**Work instructions**
Reproduce the records below exactly, but only between the lines holding "In Chicago, Illinois, there" and "入夏以來,氣溫居高不下,讓在", inclusive.

**Provided data**
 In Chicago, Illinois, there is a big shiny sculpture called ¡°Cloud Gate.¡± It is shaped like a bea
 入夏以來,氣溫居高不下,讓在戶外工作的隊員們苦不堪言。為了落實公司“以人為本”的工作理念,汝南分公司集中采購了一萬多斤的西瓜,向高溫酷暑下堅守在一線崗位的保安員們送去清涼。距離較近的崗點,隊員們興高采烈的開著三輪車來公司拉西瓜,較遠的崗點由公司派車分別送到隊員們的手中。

==

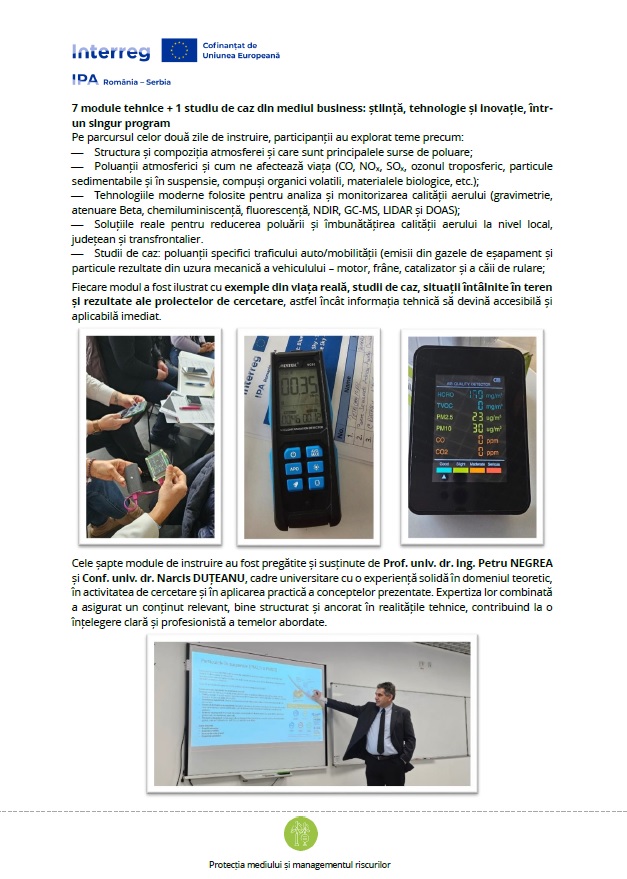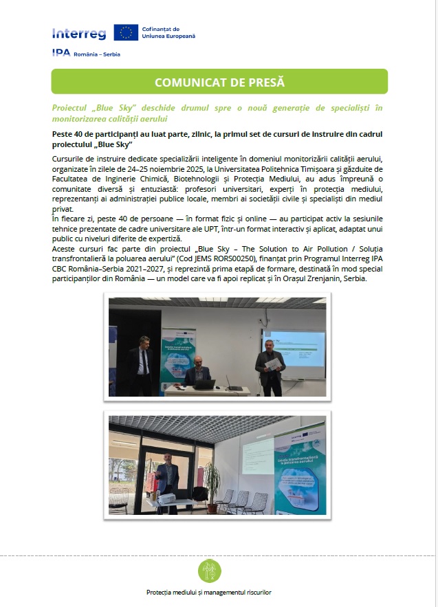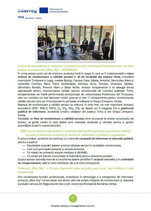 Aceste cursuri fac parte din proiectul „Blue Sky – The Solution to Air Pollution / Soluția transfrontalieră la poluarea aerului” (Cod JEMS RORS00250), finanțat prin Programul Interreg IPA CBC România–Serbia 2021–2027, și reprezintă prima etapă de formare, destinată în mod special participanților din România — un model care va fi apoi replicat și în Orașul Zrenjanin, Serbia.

**Result of the exercise**
 In Chicago, Illinois, there is a big shiny sculpture called ¡°Cloud Gate.¡± It is shaped like a bea
 入夏以來,氣溫居高不下,讓在戶外工作的隊員們苦不堪言。為了落實公司“以人為本”的工作理念,汝南分公司集中采購了一萬多斤的西瓜,向高溫酷暑下堅守在一線崗位的保安員們送去清涼。距離較近的崗點,隊員們興高采烈的開著三輪車來公司拉西瓜,較遠的崗點由公司派車分別送到隊員們的手中。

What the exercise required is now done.